中国からの資金流出が増え始めている

共産党政権によるやや強引なゼロコロナ政策によって、中国の経済活動が低下している。国家統計局が発表した、4月の購買担当者景況感指数(PMI)の大幅な悪化が示す通りだ。習近平政権のゼロコロナ政策に潜むリスクは小さくはない。不動産市況の悪化やIT先端企業への締め付けなど、これまでに顕在化した負の影響は深刻化している。

北京冬季五輪・パラ総括表彰大会で演説を行う習近平氏
写真=EPA/時事通信フォト
北京冬季五輪・パラ総括表彰大会で演説を行う習近平国家主席

それに加えて、今回のゼロコロナ政策が、人々の動線を押さえ込んでしまった。経済活動の低下などに伴い、中国からの資金流出が増え始めた。現在、共産党政権は必死になって資金流出を食い止めているとみられる。今後、人民元の下落懸念の高まりによって、中国経済の厳しさは増すだろう。

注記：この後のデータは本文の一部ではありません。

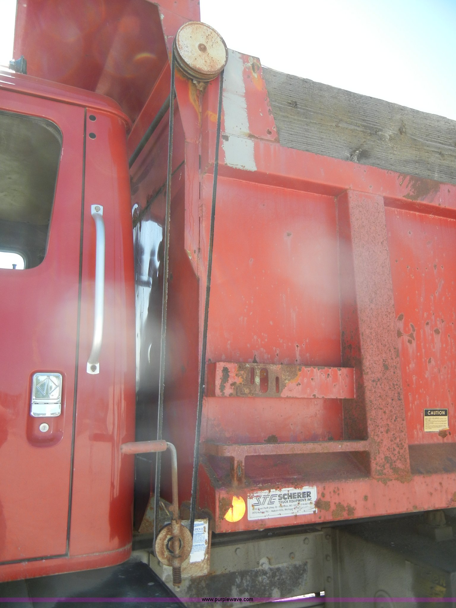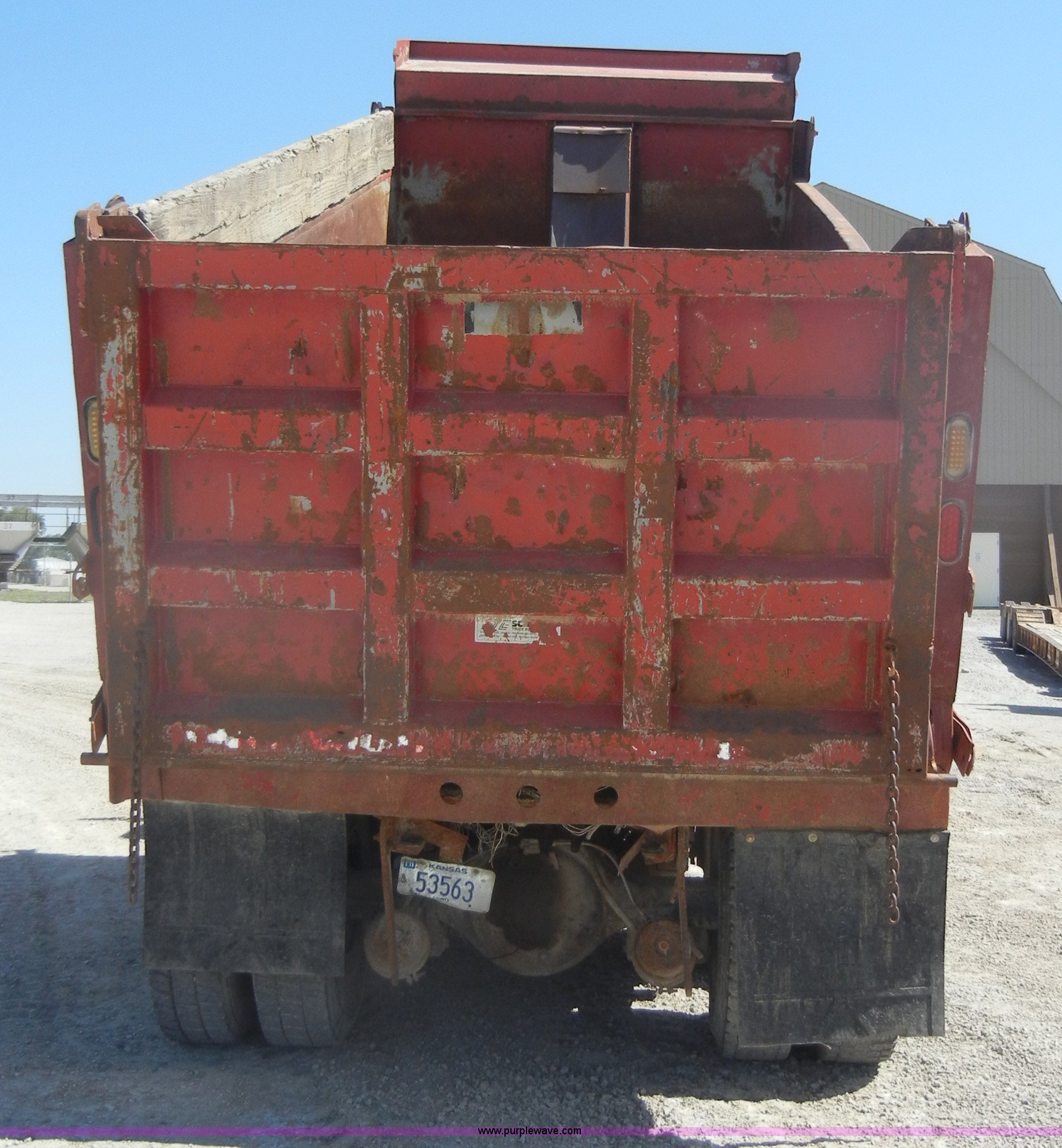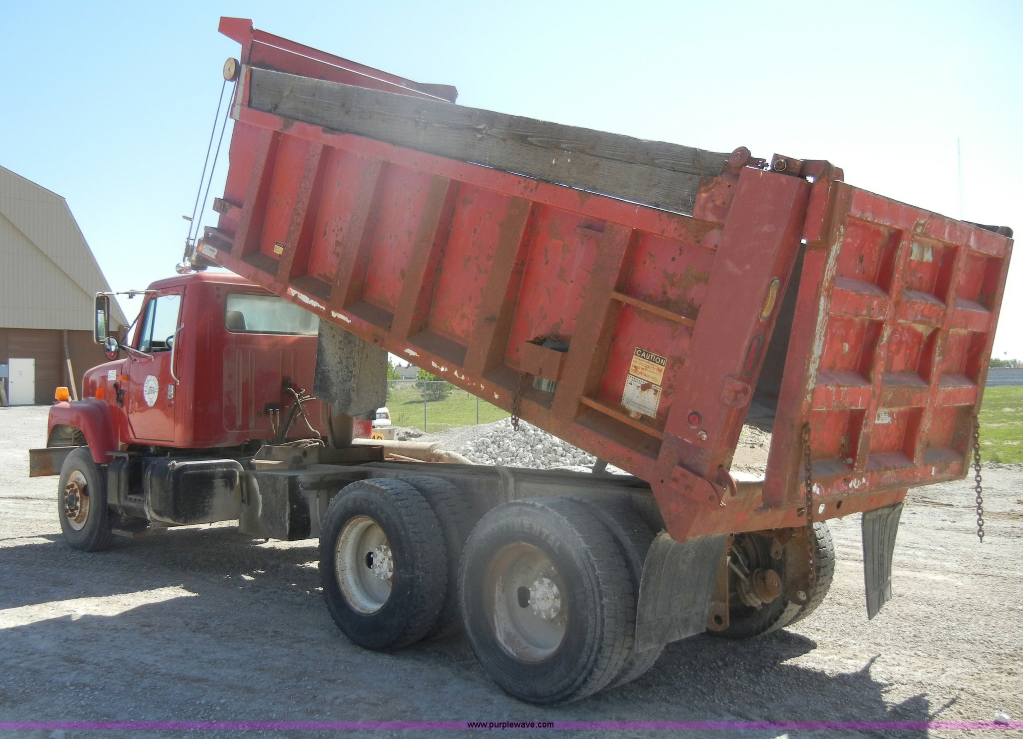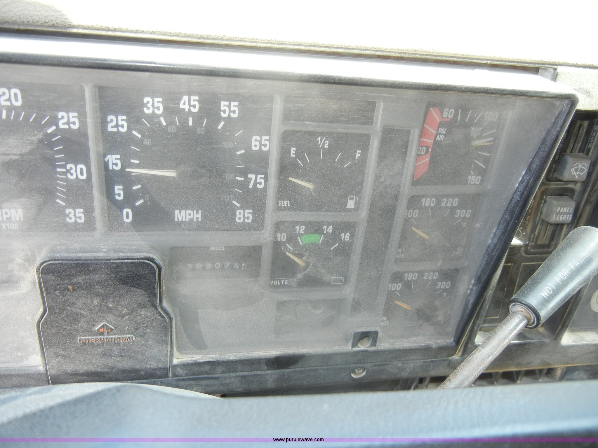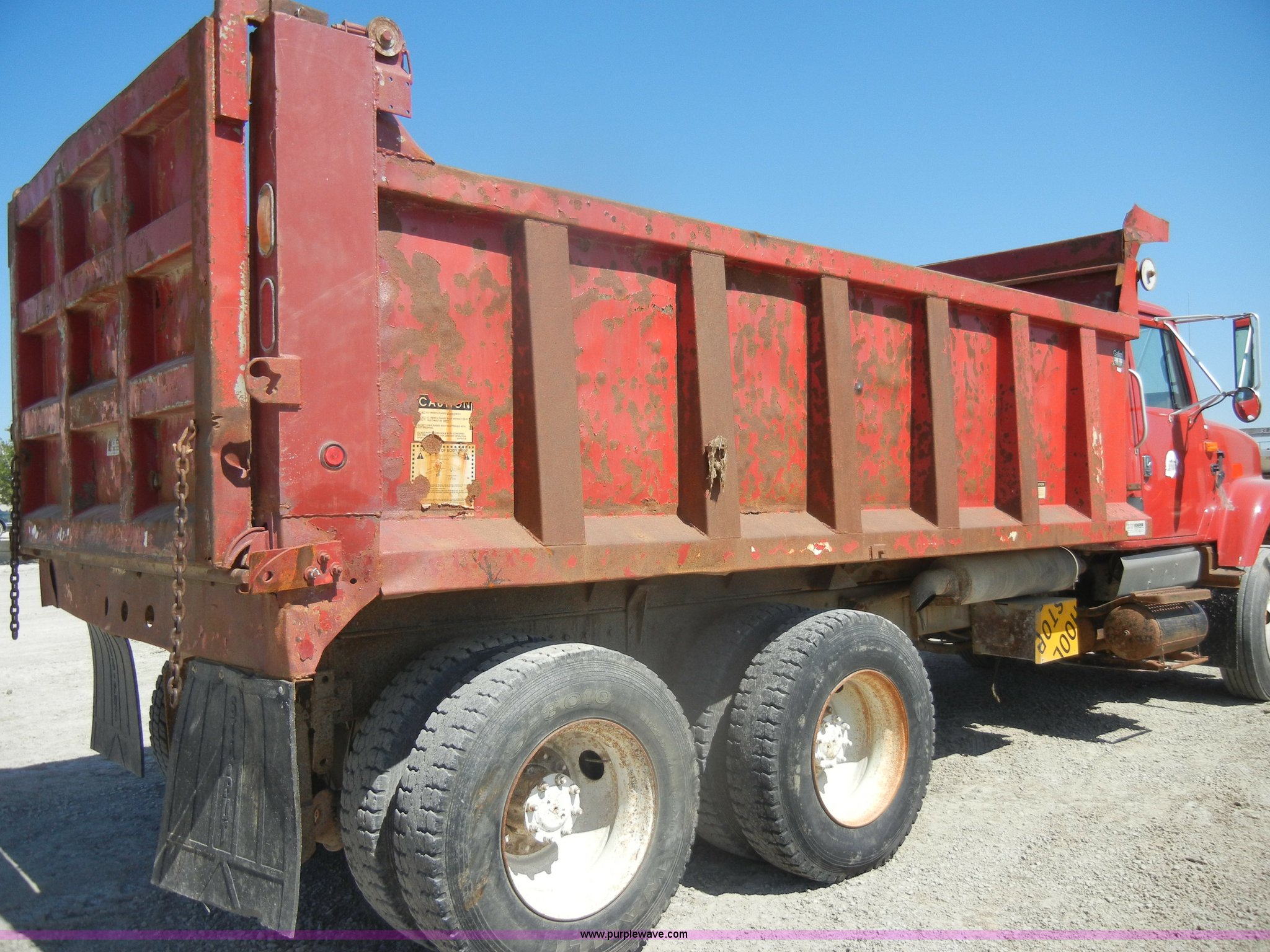 Purple Wave is selling a used Construction Dump Truck in Kansas. This item is a 1994 International 2574 dump truck with the following: 322,074 miles on odometer, Caterpillar 3176 10.3L diesel engine, Spicer 10 speed manual transmission, AM/FM, Air suspension seat, Heated mirrors, Bumper, Rusted, Block heater, STE dump bed, Damaged underside, Air end gate, 104 gallon fuel tank, Spring suspension, Wet kit, Rear hydraulic hookups, Force front PTO mount, Air brakes, Spreader and plow controls, 11R22.5 tires, AC needs charged, Cruise control inoperable, Cosmetic damage to hood, Unit# 26
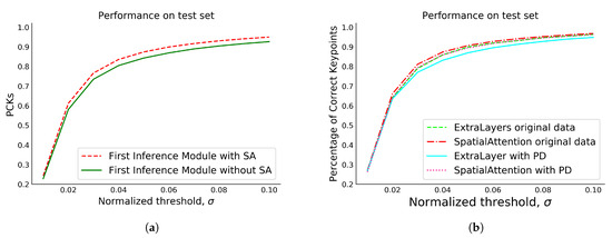 Table 6 and Table 7 show the numerical results of each module with preprocessed data. The quantitative results show that our proposed model performs better than the existing methods presented in [16,33] with processed and unprocessed data, even though we noticed that the median filter applied on the dataset causes an information loss. Figure 8b illustrates the PCK with original and preprocessed data in the test dataset.
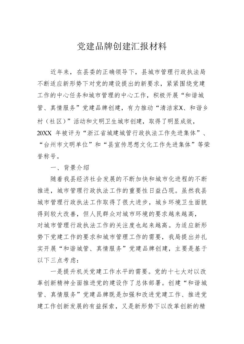 党建品牌创建汇报材料2篇
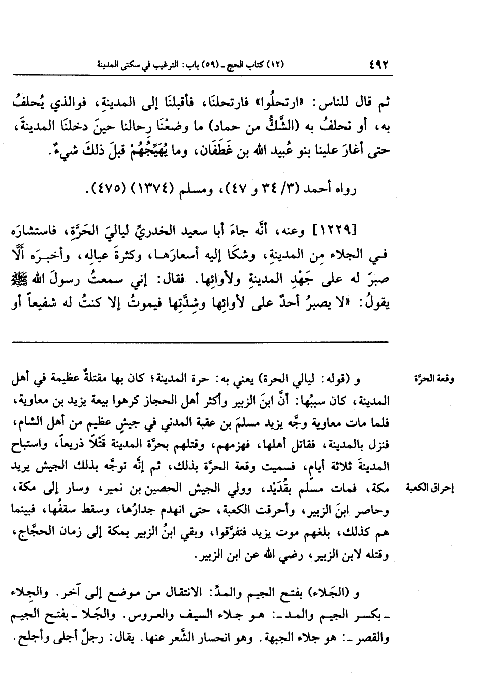 وقوله ليالي الحرة يعني به حرة المدينة، كان بها مقتلة عظيمة في أهل المدينة، كان سببها أن ابن الزبير وأكثر أهل الحجاز كرهوا بيعة يزيد بن معاوية، فلما مات معاوية وجَّه يزيدُ مسلمَ بنَ عقبة المدني في جيشٍ عظيم من أهل الشام فنزل بالمدينة فقاتل أهلها، فهزمهم وقتلهم بحرَّة المدينة قتلًا ذريعًا، واستباح المدينة ثلاثة أيام، فسميت وقعة الحرَّة بذلك، ثم إنه توجه بذلك الجيش يريد مكة، فمات مسلم بقديد، وولي الجيش الحصين بن نمير وسار إلى مكة، وحاصر ابن الزبير، وأحرقت الكعبة حتى انهدم جدارها وسقط سقفها، فبينما هم كذلك بلغهم موت يزيد فتفرقوا، وبقي ابن الزبير بمكة إلى زمان الحجاج وقتله لابن الزبير رضي الله عن ابن الزبير.
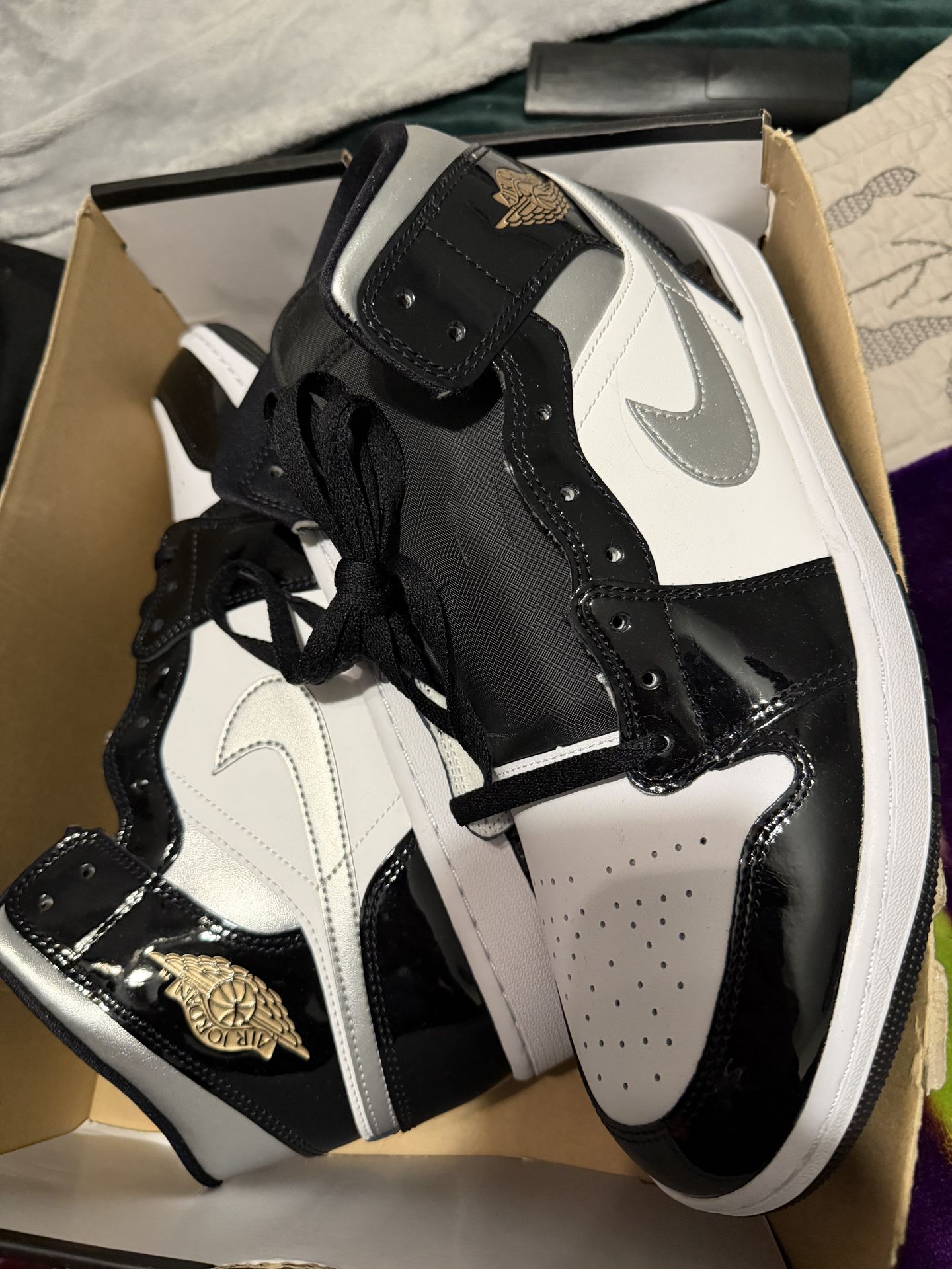 Air Jordan 1 Mid Black White Metallic Silver (black patent leather with white panels and a silver swoosh).
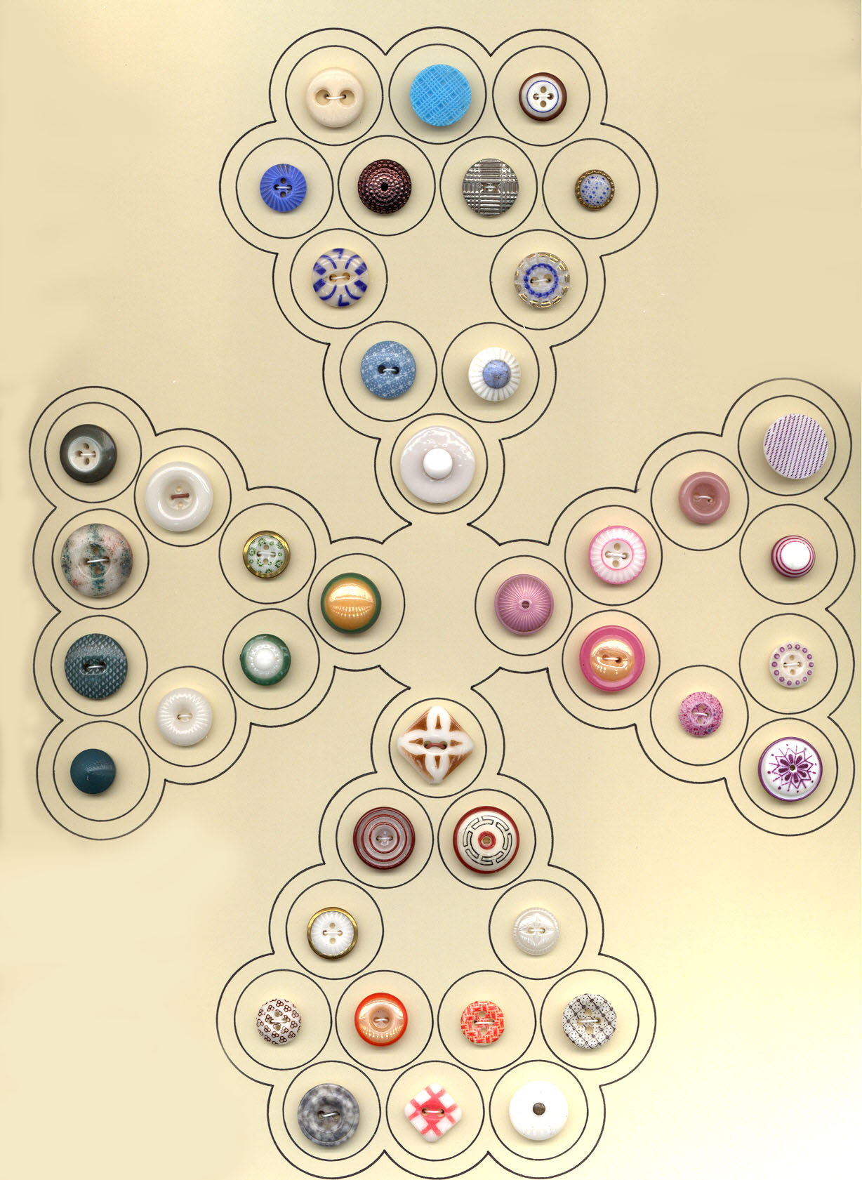 For competitions the buttons are mounted on a 9" X 12" matte board card.
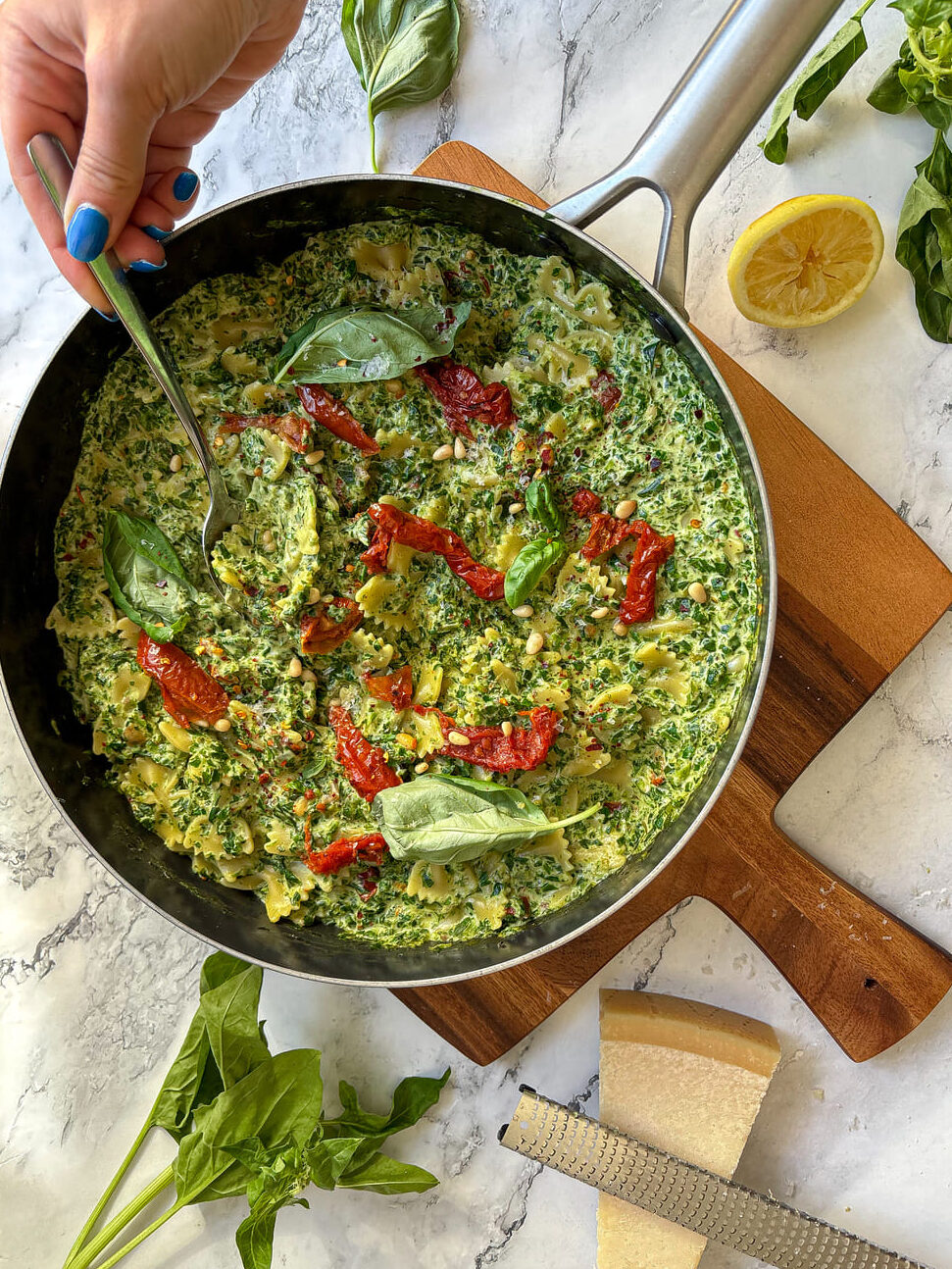 Wat deze romige spinazie pasta zo onweerstaanbaar maakt
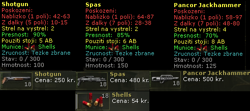 Shotgun je z brokovnic nejslabší. Na soupeře v ochranných vestách se prakticky nevyplácí střelba z "dálky". Poškození kolem pěti bodů zdraví je zanedbatelné. V těsném kontaktu je již zbraň mnohem lepší, samozřejmě nejlépe proti nechráněnému soupeři. Určitou výhodou jsou možné tři výstřely v tahu, ovšem v těsné blízkosti soupeře stojíte opravdu výjimečně (většinou pouze pokud udělá chybu a dokončí tah přímo u vaší postavy:), a tak je obvykle lepší namísto tří slabých výstřelů z dálky, dojít k soupeři a vystřelit 1x či 2x pořádně. Pozor na další slabinu této zbraně, střílí pouze do vzdálenosti pěti polí. Pokud nemáte jinou zbraň a dojdete těsně k soupeři, odstřílíte a dokončíte u něj tah, může dojít k zábavné situaci. Soupeř odběhne svých 15 kroků a vy můžete běžet s ním. Pokud neudělá protivník chybu, nepodaří se vám na něj totiž vystřelit - schází vám 1 AB! V konečném důsledku to u dvou protivníků, jedním s G3SG a druhým se shotgunem, může skončit zajímavou honičkou, kdy ani jeden nebude schopen zbraň použít :)).
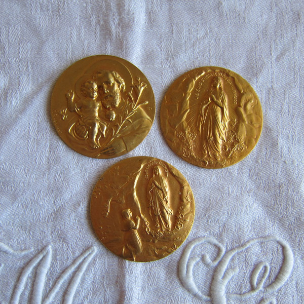 - 装飾メダイプレート36mm3個ルルド幼子キリスト聖ヨセフ聖母サイン作家 フランスアンティーク ヴィンテージ
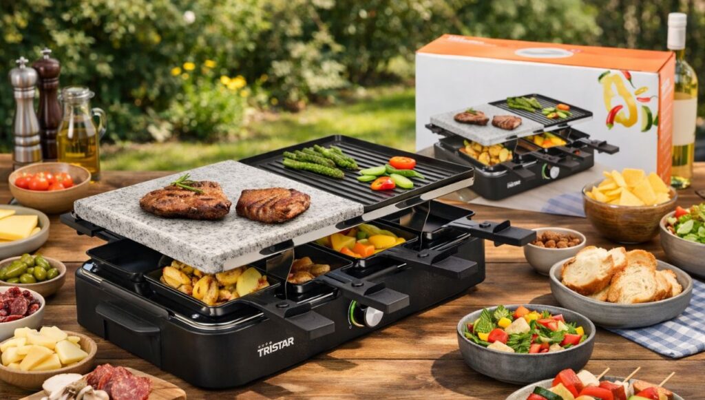 Er zijn van die avonden waarop je geen zin hebt in “iedereen een bord, iedereen een pan, iedereen een eigen timing”. Je wilt gewoon aan tafel zitten, eten maken terwijl je praat, lachen, nog een wijntje inschenken en ondertussen iets lekkers op je vork prikken. Precies daarvoor bestaat een raclette- en gourmetset. En de Tristar raclette en gourmetset met steengrill van de Action webshop is er eentje die verrassend goed aansluit op dat soort avonden.

秋の党大会で3期続投を目指す習近平国家主席は、ゼロコロナ政策を続けて感染の再拡大を食い止めようとするだろう。経済活動は阻害され、個人消費はさらに減少するだろう。不動産市況の悪化に拍車がかかり、地方政府の財政状態も悪化する恐れが増している。

共産党政権の規制強化から逃れるために、中国から海外に事業拠点を移す企業も増えるはずだ。その結果、中国では雇用・所得環境が不安定化して失業率が上昇する可能性が高い。ゼロコロナ政策によって中国経済の成長率の低下傾向はこれまで以上に鮮明となるだろう。

国家資本主義体制は大きな試練を迎えつつある

4月、これまでに増して中国経済の景況感の悪化が浮き彫りになった。特に、国家統計局が発表する製造業と非製造業のPMIの落ち込み方は急激だ。製造業PMIは47.4と前月から2.1ポイント下落した。非製造業は41.9と前月から6.5ポイント下落した。いずれも事前予想を下回った。共産党政権は公共事業の積み増しによって景気の浮揚を目指していたが、今のところ減速を食い止めるには至っていない。

事業規模が小さい企業を対象とした財新とマークイットが発表するPMIと異なり、国家統計局が発表するPMIは習政権が事業運営体制を強化してきた国有、国営企業をはじめ大企業が主な調査対象である。4月の国家統計局版PMIの下落は、中国の国家資本主義体制が大きな試練の局面を迎えつつあることを示唆する。